Mr Sullivan added: “We have to look after our teenagers, they’ve just been thrown on the garbage heap. They can’t get houses, they can’t get work, can’t go to university, they’ve got no aspirations, and we’ve got a government that sanctions the killing of thousands and thousands of children [in Palestine].
Mr Sullivan is an artist, writer and DJ who founded Soho’s famous Wag Club in 1982 and more recently set up Artists for Gaza, fundraising concerts featuring performers like Paul Weller and Suggs from Madness. The next event, expected in May, will be in Finbar’s memory.

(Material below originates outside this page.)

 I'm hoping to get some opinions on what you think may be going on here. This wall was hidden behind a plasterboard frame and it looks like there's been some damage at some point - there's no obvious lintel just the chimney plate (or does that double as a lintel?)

He said: “I really blame the media for a lot of what’s happened to this country. If these revolting newspapers keep on saying ‘knife crime, knife crime, knife crime’, kids are going to carry knives. Imagine what it’s like when you’re 20 and you can’t walk down the street without looking over your shoulder.
He added: “The worst thing was somebody else was stabbed there a few years ago and they hadn’t installed CCTV and they didn’t have any security. “Why are they still arresting pensioners peacefully protesting a genocide? Why aren’t those policemen on the streets of Camden? “If there had been a policeman doing the rounds this wouldn’t have happened.”

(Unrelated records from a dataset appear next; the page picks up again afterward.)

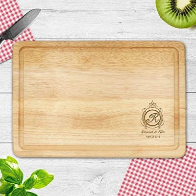 Personalised Chopping Board Cheese Oak Wooden Cutting Wedding Gift Laser Engraved Housewarming Anniversary Mothers Day for Couples & Families(5 Initial Design)
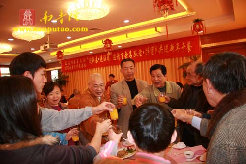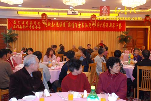 2009年元月18日中午,鹭岛风和日丽,阳光明媚,伴随着浓浓的暖意,厦门南普陀寺普照楼素餐馆内更是温暖如春,洋溢着一片喜庆的气氛。南普陀寺慈善会与厦门市慈善总会在这里联合举行“厦门市慈善总会、厦门南普陀寺慈善会邀请百余名孤老特困户共进新年午餐”,邀请本市思明区、湖里区、市社会福利中心的孤老、特困户,欢聚在南普陀寺普照楼内,共进新年午餐,祝福他们新年快乐、健康幸福!新年午餐会有南普陀寺慈善会办公室副主任正兴法师主持。
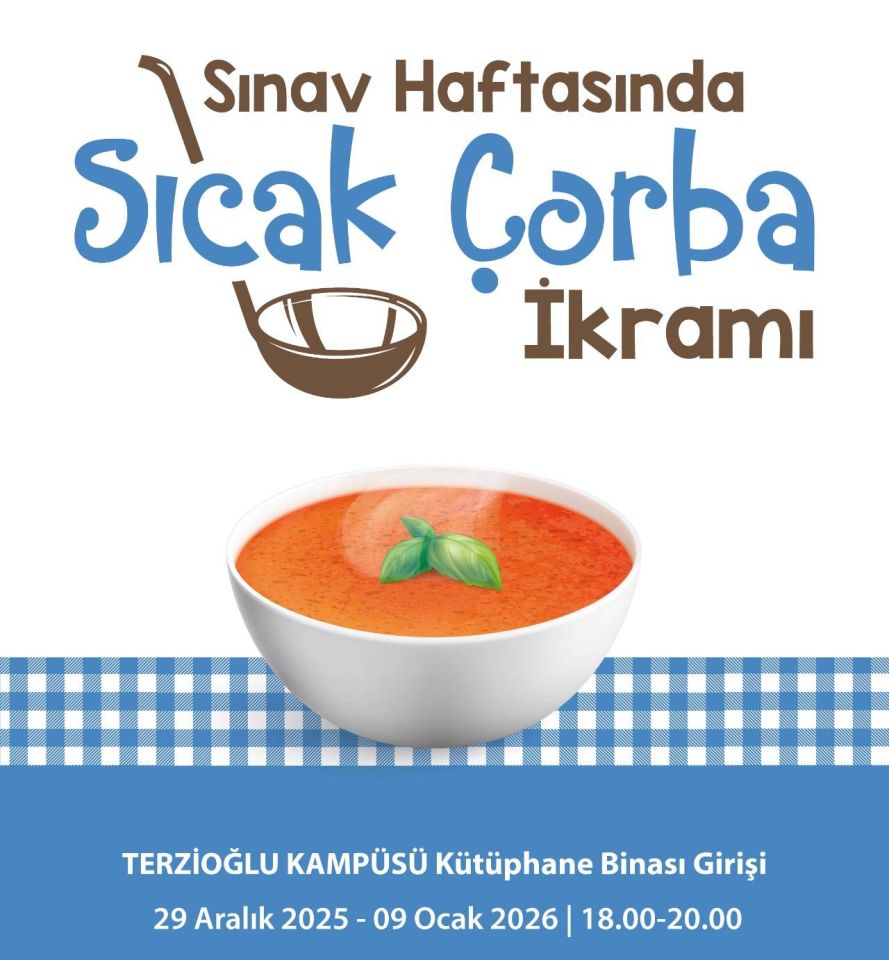 Sıcak çorba ikramları, 29 Aralık 2025 ile 9 Ocak 2026 tarihleri arasında, akşam 18.00 ile 20.00 saatleri arasında ÇOMÜ Terzioğlu Kampüsü Kütüphane Binası girişinde öğrencilere sunulacak.
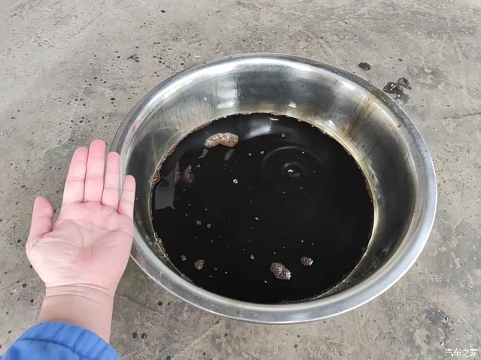 记得加进去的机油是金黄的,这次保养延迟了两个月,是黑色的
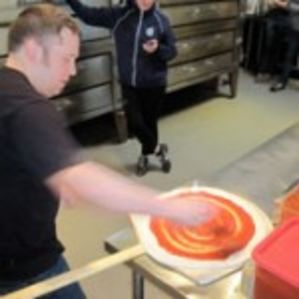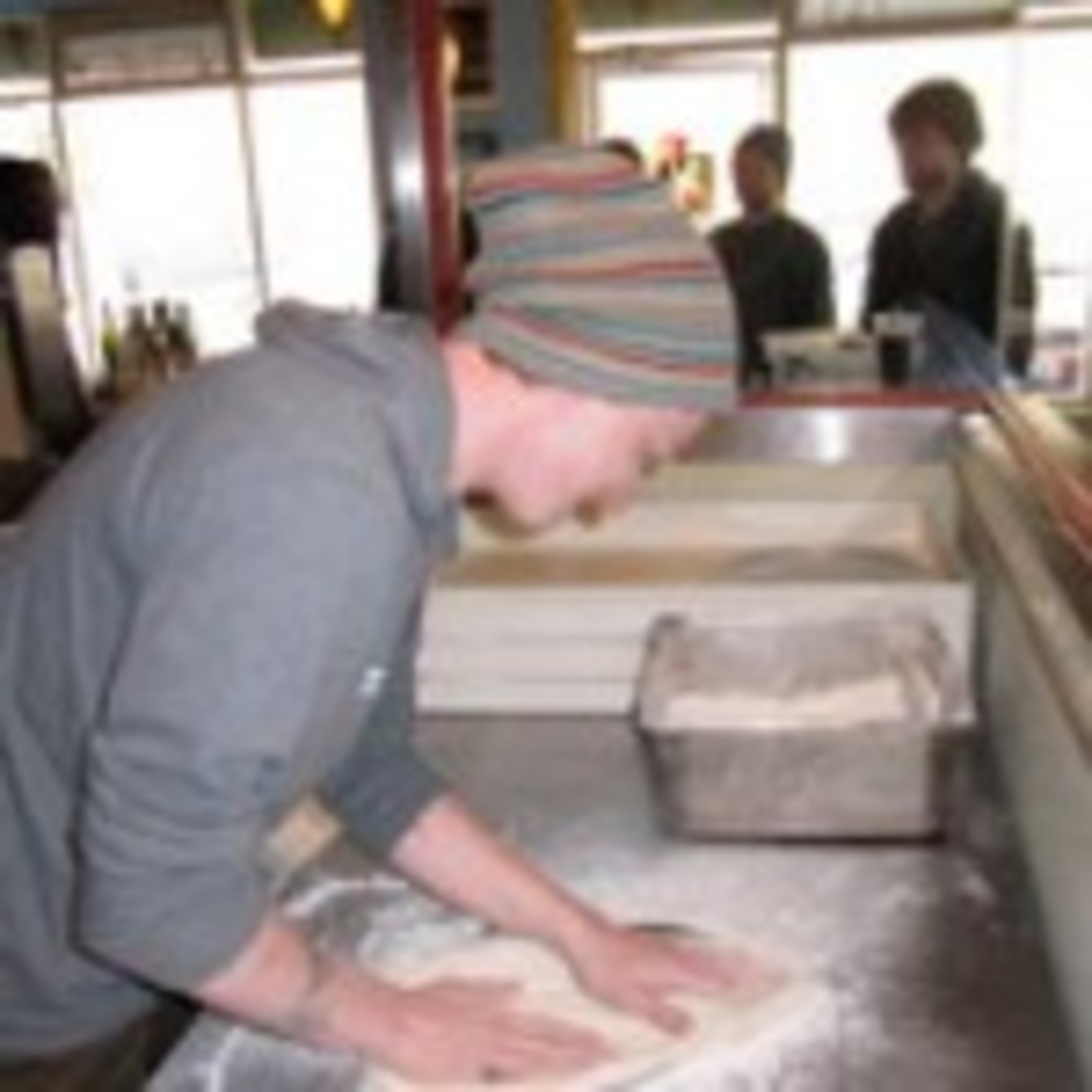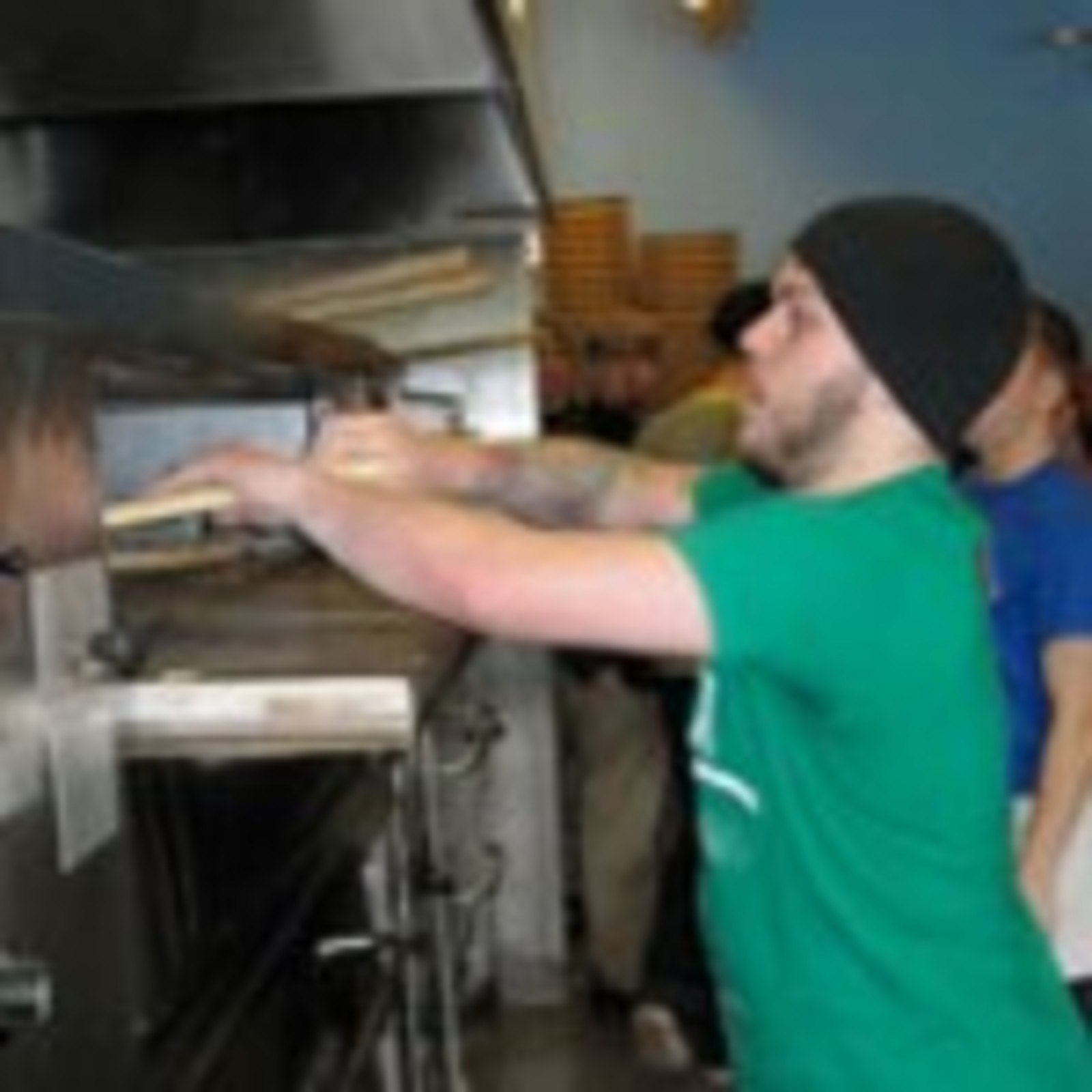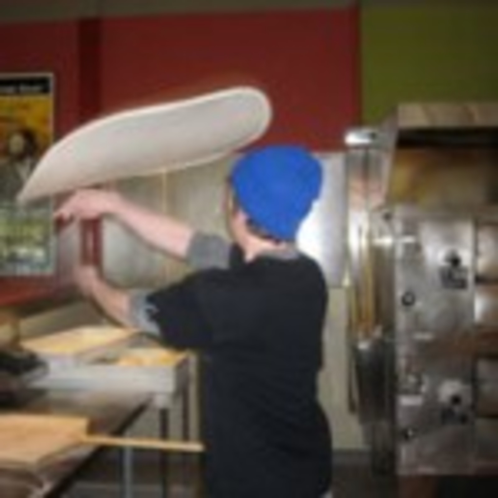On Saturday the second group of tossers came to Lake City Way to try and earn a berth into the finals. With a cumulative scoring system the competitors knew just how low they had to go. Perhaps jangled by nerves most of the tossers put a hole in their dough – a significant drag on time and quality scoring. Given the scores posted by the first group, most competitors were eliminated before their pie came out of the oven. (A note on scoring: like golf, the object is to go low. A point is added per second used making the pizza and points are added for quality flaws such as cheese distribution, crust appearance and quality of bake.) 102 was the score to beat in order to sneak into the top 4 and West Seattle AM Chris Bunger matched that – meaning that it could well come down to a quality tiebreaker to see who advanced to the finals. With most eliminated there was one tosser with a chance to beat 102. Shift Leader Scott Heikkinen of Crossroads had posted a score of 55 on his first day of competition. With a 34 second pizza he could afford 12 points on quality to move on. In true Crossroads spirit he did one better. His 11 on quality gave Scott an even 100 earning his spot in the Final 4. Moving on are GM Mike Baxley (145th), AM Sam Kosola (Juanita), Core Crew Zach Lindner (Main Street) and Shift Leader Scott Heikkinen (Crossroads). Each kitchen position is represented and Crossroads has a participant in the Final 4 for the third consecutive year – better than any other store. Last year’s champ, GM Paul Williams, feels vindicated for stepping aside for his crew and will be rooting for Scott. Look for the crowd to be behind Zach – the David looking to knock off all the managers and prove that cooks from our new store have skills too.

Mr Sullivan told how his son was very political, never leaving home without his Palestine badge.
Three men –Oliuwadamilola Ogunyankinnu, 27; Alexis Bidace, 25; and Ernest Boateng, 25, have been charged with murder. Khalid Abdulqadir, 18, is charged with grievous bodily harm with intent, violent disorder and possession of a knife.
camdennewjournal.co.uk/article/dont-l…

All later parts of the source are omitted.